Bird Songs Provide Insight Into Developing Brains

Former Institute Fellow Somayeh Adhadiantehrani, Ph.D. and Institute Member Sarah London, Ph.D. study zebra finches to help understand human development, autism


Ahmadiantehrani, S., & London, S.E. (2017). Bidirectional manipulation of mTOR signaling disrupts socially mediated vocal learning in juvenile songbirds. Proceedings of the National Academy of Sciences of the USA, 114(35), 9463-9468. doi: 10.1073/pnas.1701829114. PubMed PMID: 28739951. PMCID: PMC5584414.

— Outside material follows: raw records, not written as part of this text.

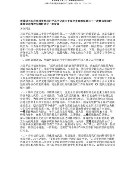 【七哥公文】2025年:【七哥公文】市委秘书长在学习贯彻习近平总书记在二十届中央ZZ局第二十一次集体学习时重要讲话精神专题研讨会上的发言+更多免费公文+VX:QiGeGongWen2024+更多免费公文+VX:QiGeGongWen2024
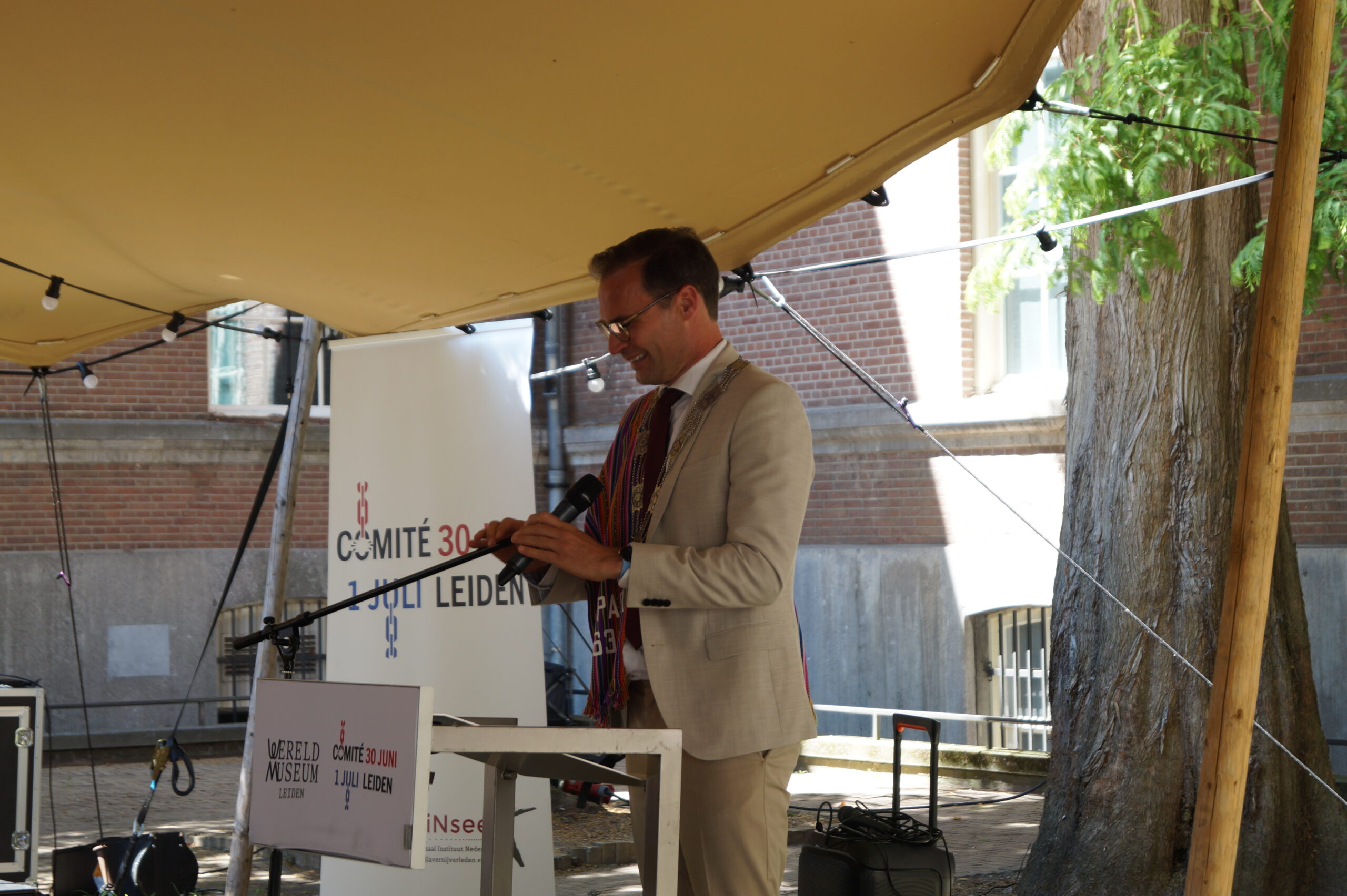 Op deze dag mocht ook muziek niet ontbreken. Helianthe Redan zong twee liederen in het teken van strijd, kracht en verbinding. Hierna hield Peter Heijkoop, burgemeester van Leiden, een toespraak. Hierin benoemde hij meermaals het onderzoek naar het slavernijverleden van Leiden. “Dit heeft ons niet alleen kennis gegeven, maar ons ook nadrukkelijk een spiegel voorgehouden”. Ook de vervolgstappen die de gemeente wil gaan nemen werden benoemd “We gaan ook in gesprek met de stad, om te bepalen hoe, dus niet of, maar hoe we als stadsbestuur op gepaste en betekenisvolle wijze excuses kunnen maken”.
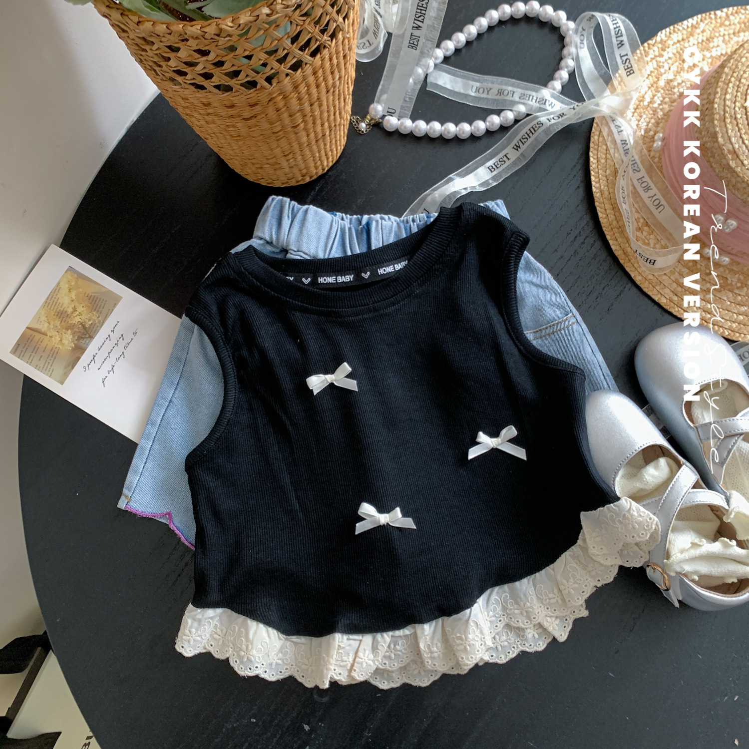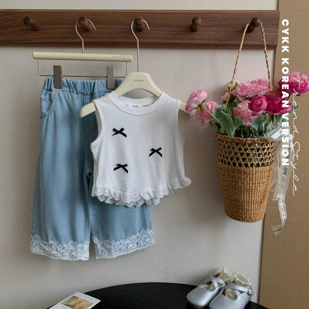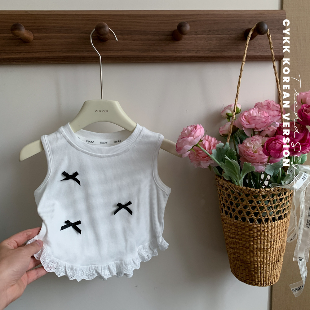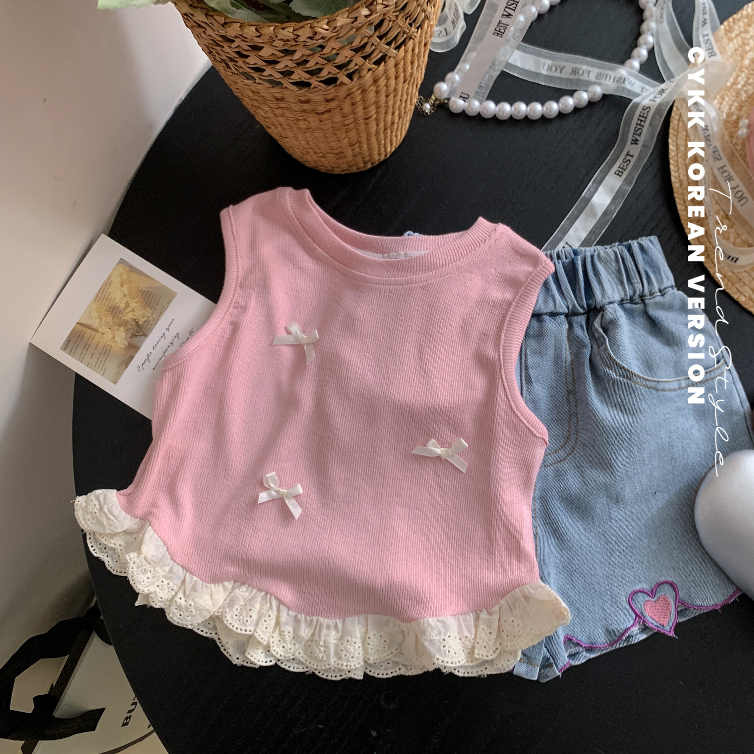 차와 코코아 소녀 민소매 최고 여름 2025 새로운 스타일 얇은 레이스 바느질 작은 조끼스토어 가기

Early life experiences can have long-lasting behavioral consequences because they are encoded when the brain is most malleable. The mechanistic target of rapamycin (mTOR) signaling cascade modulates experience-dependent synaptic plasticity, among other processes. mTOR has been almost exclusively examined in adult rodent learning models, but may be especially important in organizing neural circuits required for developmental acquisition of meaningful complex behaviors. It is among the most commonly implicated factors in neurodevelopmental autism spectrum disorders (ASD), characterized, in part, by distinct social and communication phenotypes. Here, we investigated mTOR in juvenile zebra finch songbirds. Much as children learn language, young male zebra finches need to interact socially with an adult tutor to learn a meaningful song. The memory of the tutor’s song structure guides the juvenile’s own song, which it uses to communicate for the rest of its life. We hypothesized that mTOR is required for juveniles to learn song. To this end, we first discovered that hearing song activates mTOR signaling in a brain area required for tutor song memorization in males old enough to copy song but not in younger males or females, who cannot sing. We then showed that both inhibition and constitutive activation of mTOR during tutor experiences significantly diminished tutor song copying. Finally, we found that constitutive mTOR activation lowered a behavioral measure of the juvenile’s social engagement during tutor experiences, mirroring the relationship in humans. These studies therefore advance understanding about the effects of experience in the context of neurodevelopmental disorders and typical neural development.